The two methods give the exact same result s except for the variance.

..so which ones do you prefer & why?

--Admin 15:10, 10 July 2007 (CEST)

[edit] Anthony said ...

Am I missing something here. When I put the values into the equation for the sd(e) in the first part I get a value of ~ 1.44. Now forgive me because I may well be doing something dumb but I'd just like to confirm that :)

--Anthony 15:14, 24 July 2007 (CEST)

[edit] sitmo said ...

I get this

parameters: S0=3, mu=1, lambda=3, dt=0.25, sigma=0.5, W=-1.0267

Excel formula: =3*EXP(-3*0.25) + 1*(1-EXP(-3*0.25)) + 0.5*SQRT((1-EXP(-2*3*0.25))/(2*3))*-1.0267

= 1.760014

--sitmo 13:19, 26 July 2007 (CEST)

[edit] Anthony said ...

Sorry, my mistake I wasn't making myself clear. I was talking about the calculation of the standard deviation of epsilon {sd(e)}, not of the discretisation of the sde.

The formula being sqrt((n*Syy - Sy*Sy - a)/n-2)

Which with values of n = 20, Syy = 22.222, Sy = 20.1534, a = 0.4574 gives sqrt(2.101504) = ~1.44

--Anthony 14:51, 2 August 2007 (CEST)

[edit] sitmo said ...

Hi Anthony, Ah! That's indeed a bug. I also got the wrong value 1.44. The page has been updated now. The problem was the sde(e) equation. The new outcome is 0.2073, and that will lead to a sigma of 0.5831.

Some more info about the updated sde(e) equation:

sde(e)=sqrt(the sum square residuals/(n-2))

Thanks for the feedback!

--Admin 13:17, 3 August 2007 (CEST)

[edit] Anthony said ...

Hi,

One other observation, the initial value for this process is very high. The long term standard deviation of the process is ~0.2 (sigma/sqrt(2*lambda)). However the initial value is 3, i.e. 2 about the mean reversion level. This is the equivalent of about 10 standard deviations away from the mean reversion level which is quite an unlikely value for an ornstein- uhlenbeck process.

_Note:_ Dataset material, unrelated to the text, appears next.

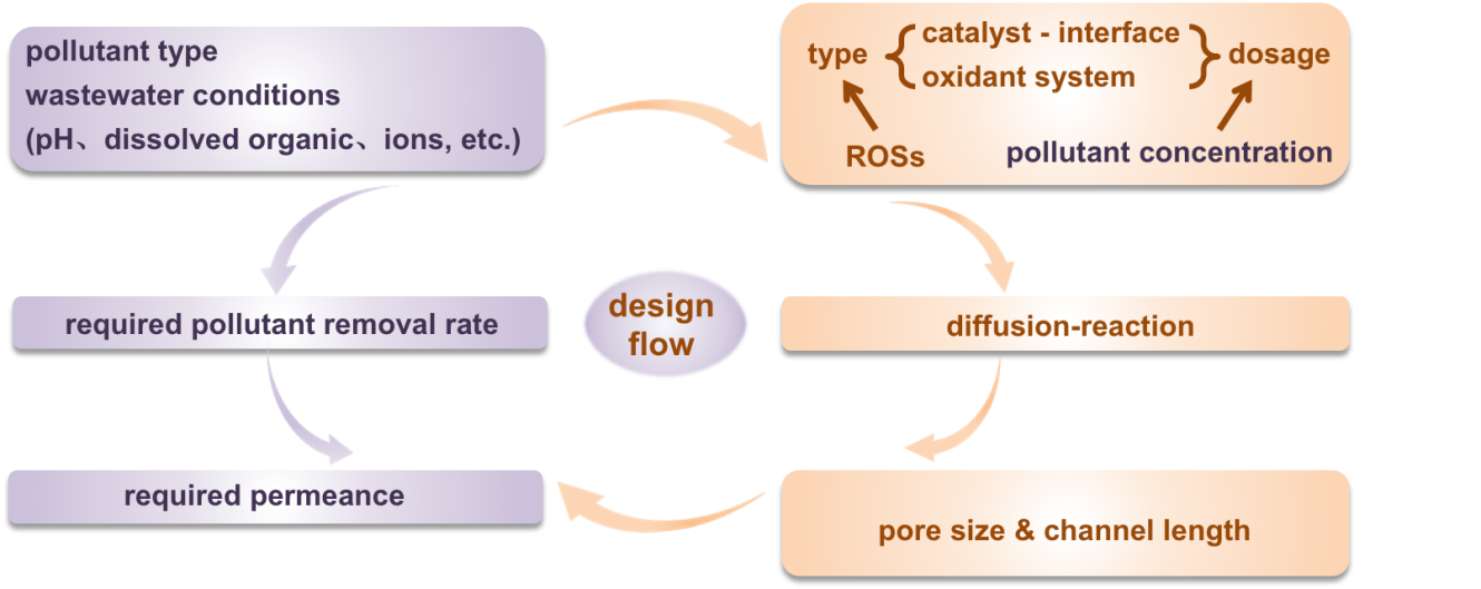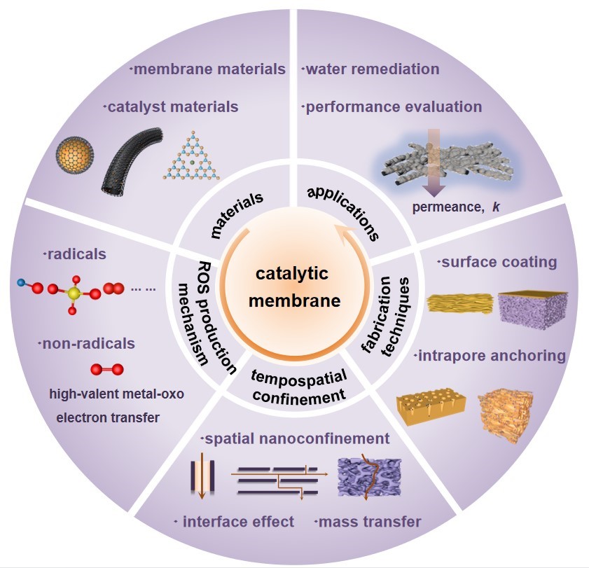 水资源再利用是缓解全球水资源压力和应对淡水短缺问题的关键策略。将膜、过滤过程与异相高级氧化过程耦合制备催化膜,提供了具有高效、选择性、连续性的污水治理新途径。膜孔纳米限域效应可提升催化反应热力学和动力学,并促进孔通道内反应物的传质过程,对实现污染物的即时催化降解具有重要意义。然而,最优的膜孔空间限域尺度无法确定,纳米级限域通道可能导致催化膜渗透性和催化降解性能之间的trade-off。而且孔中反应物连续的扩散-反应过程使得催化降解效率与时间和空间密切相关,但目前膜孔时空限域效应对催化膜性能的影响尚未明确。同时,催化膜的构效关系模糊,未形成针对具体应用的催化膜设计标准,阻碍了催化膜的实际工程应用。因此,全面了解用于水治理的催化膜的组成、制备、限域机理并提出定向设计准则至关重要。

The overall result of this is that the estimation method above gets a much better estimate of the lambda than it would normally, as can be seen in the regression graph. It may be more realistic to start the process closer to the long term mean. However as I'm coming to realise this gives a much weaker estimate of the mean reversion level!

I'd appreciate you thoughts on how robust you think this estimation procedure is to varying parameter values.

--Anthony 10:25, 6 August 2007 (CEST)

[edit] sitmo said ...

Hi Anthony, That a nice observation... I did the high initial value to illustrate the mean reversion effect. I'll have to give your questions some more thoughts.

My initial idea is that it should be quite easy to get confidence interval equations for the methods. That would be a nice thing to add to this article! For the least square fit & can image that those estimators are well known. I'm quite busy at the moment, but it might be very easy & quickly doable to sort this out...

I'll get back to you on this. Thanks for the idea, it's a good & valuable thing to add.

--Admin 22:46, 7 August 2007 (CEST)

[edit] Mike said ...

Hi Thijs,

I am interested in deriving the solution, at the bottom of page 2 of the document titled - "Calibrating the Ornstein-Uhlenbeck Model"(pdf document), from first principles.

Do you know of any literature on this.

Mike


--Mike 21:04, 21 August 2007 (CEST)

[edit] sitmo said ...

Hi Mike, You need a lot a background for that. The field is called stochastic calculus, and you can look for keywords: stochastic integration, ito formula.

A simple approach with a Riemann sum might be doable. You replace dt with a small timestep e.g. t/n and write out the n-step sum. Next you let n go to infinity. You replace sigma*Wdt with normal distributed numbers with mean zero and variance t/n (or standard deviation the square root of the t/n). When you write out the sum, you can use the fact that the sum of (weighted, uncorrelated) normal distributed variables is als normal distributed (with a variance the sum of the variances). Finding the solution of the sum for n->infinity should give your result.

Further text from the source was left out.